Additionally, because the courses are self-paced, some of you may complete them quickly while others may need more time to really take in the information. However, I believe that we genuinely require both - the time and the intensity - for practice rather than really for the classes. Why? Since it takes time for humans to develop that muscle memory through experience. In the same way that you don’t “need to recall” how to brush your teeth because it is ingrained in your muscle memory, you want to train your brain to do so when handling data problems.

We are aware that building it up requires time and extensive trial-and-error, so if you need some advice, this is the post to read.

  1. I outlined the four categories of issues as follows: Python / ML concept / Hands-on experience / Debugging skills. We need to know what we are not good at to improve it, so keep those in mind.

  2. If you are still working through the courses and find it very difficult to move on, you may want to make a study plan which is not the main idea of this post but you may check this out.

  3. Find a challenge, please. These Getting-Started problems and these Playground problems are available on Kaggle. You should spend 30 to 60 minutes looking at some of them and selecting 2-3 potential problems for yourself. I wouldn’t select a time-series problem, an image recognition problem, or a language challenge because they are not topics covered in the MLS. The best would be those with tabular datasets and non-time-series data.

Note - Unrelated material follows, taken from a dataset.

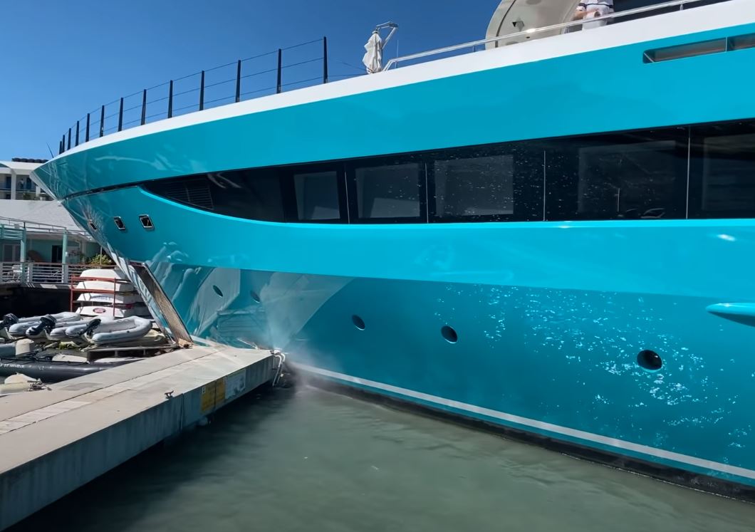 “Go”, varato nel 2018 da Turquoise Yachts, ha un valore stimato in 75 milioni di euro ed è di proprietà del miliardario svizzero Hans Peter Wild, ceo della nota azienda di succhi di frutta Capri-Sonne (Capri Sun) . A bordo di “Go” troviamo una palestra con bagno turco, una piscina, un eliporto e addirittura un ospedale. Secondo fonti locali, l’ imbarcazione avrebbe subito danni significativi, ma non si registrano feriti, né a terra, né tra i componenti dell’ equipaggio. La scena è stata ripresa dai telefonini di più persone che si trovavano a bordo di altre imbarcazioni ormeggiate nei paraggi e i video hanno presto iniziato a circolare in rete.

  4. Make a plan for one to two hours. Make a list of what you’re going to do with the data by consulting the course tables of content, the labs, or your notes. For instance, loading the dataset, checking it out, visualizing something, and blah, blah, blah. You don’t need a precise plan to start with because this one should develop as you practice, but make an effort to include all you learned in these classes into your plan, including:
    a. C1 W2 feature scaling and engineering
    b. C2 W3 model evaluation, bias and variance
    c. For the other course material, you must choose what to include because they use different modeling techniques that won’t always be applicable to any given scenario.
    The plan can also be used for revisions and as a firm foundation for your future work. Despite the fact that you won’t need to rely on the plan in the future because it will have ingrained itself in your muscle memory.

  5. Start coding. You should set up your own Jupyter environment, in my opinion. To find instructions, google for something like “how to install Jupyter notebook in Windows 10”.

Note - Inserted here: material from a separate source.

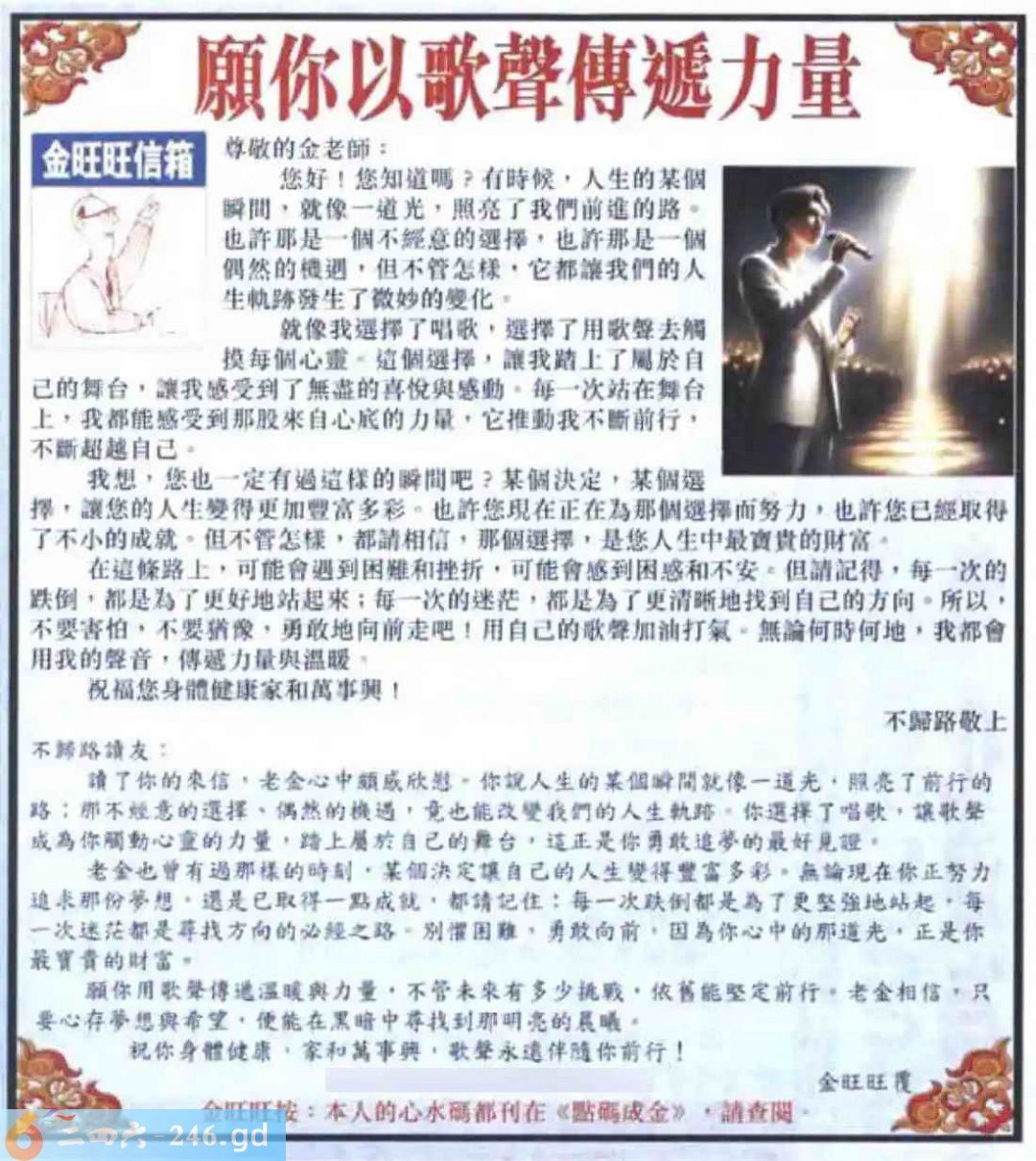 2025058期058期:金旺旺信箱彩民推荐→→《願你以歌聲傳遞力量》

  6. Search on Google for fixes for bugs or possible methods of doing things. For instance, “How to import a csv file in Python using Pandas” or “How to visualize data in Python”; or, if you run into a problem, “NameError: name x is not defined”. I agree that searching for an error message is simpler than searching for solutions because the latter necessitates the proper search terms. As a result, you might need to conduct a few more searches than usual to develop that sense.

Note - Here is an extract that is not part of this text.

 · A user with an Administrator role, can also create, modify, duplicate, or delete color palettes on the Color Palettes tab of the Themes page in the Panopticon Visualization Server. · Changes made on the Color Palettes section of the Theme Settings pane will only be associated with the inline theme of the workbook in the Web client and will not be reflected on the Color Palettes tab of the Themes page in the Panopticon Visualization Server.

  7. Run and evaluate your program or plan. As you carry out the strategy in step 4, you’ll need to learn how to code, which you can do by going back to the course material or by googling as in step 6. Additionally, because you did the research on your own, you may find additional items that were overlooked in the plan. These items may just not be covered by the courses, but they may still be helpful. It can involve novel methods for visualizing data or fresh approaches to data preprocessing. If you think they are necessary, add some of them directly into your plan or place others on a separate waiting list so they won’t interfere.

  8. Share your research with us. You might share your notebook with us for your findings (better to have it organized, explained, and free of any temporary items:wink:) so that we can all offer advice on how you might have done it better or differently. Please share your discoveries, but remember to Google yourself for “how to accomplish XYZ” and mistake remedies as stated in step 6. Even if your method is not the most effective, what matters most are your discoveries and your approach. Your work should be 90% of the time, others’ suggestions should be minimial.

  9. Repeat step 3, 6, 7, 8 for working on more and more problems.

Some advices/tips:

  1. It may take you days to solve each of your initial challenges, but don’t give up; days of practice are nothing compared to years of application. It takes time for a human to develop that muscle memory.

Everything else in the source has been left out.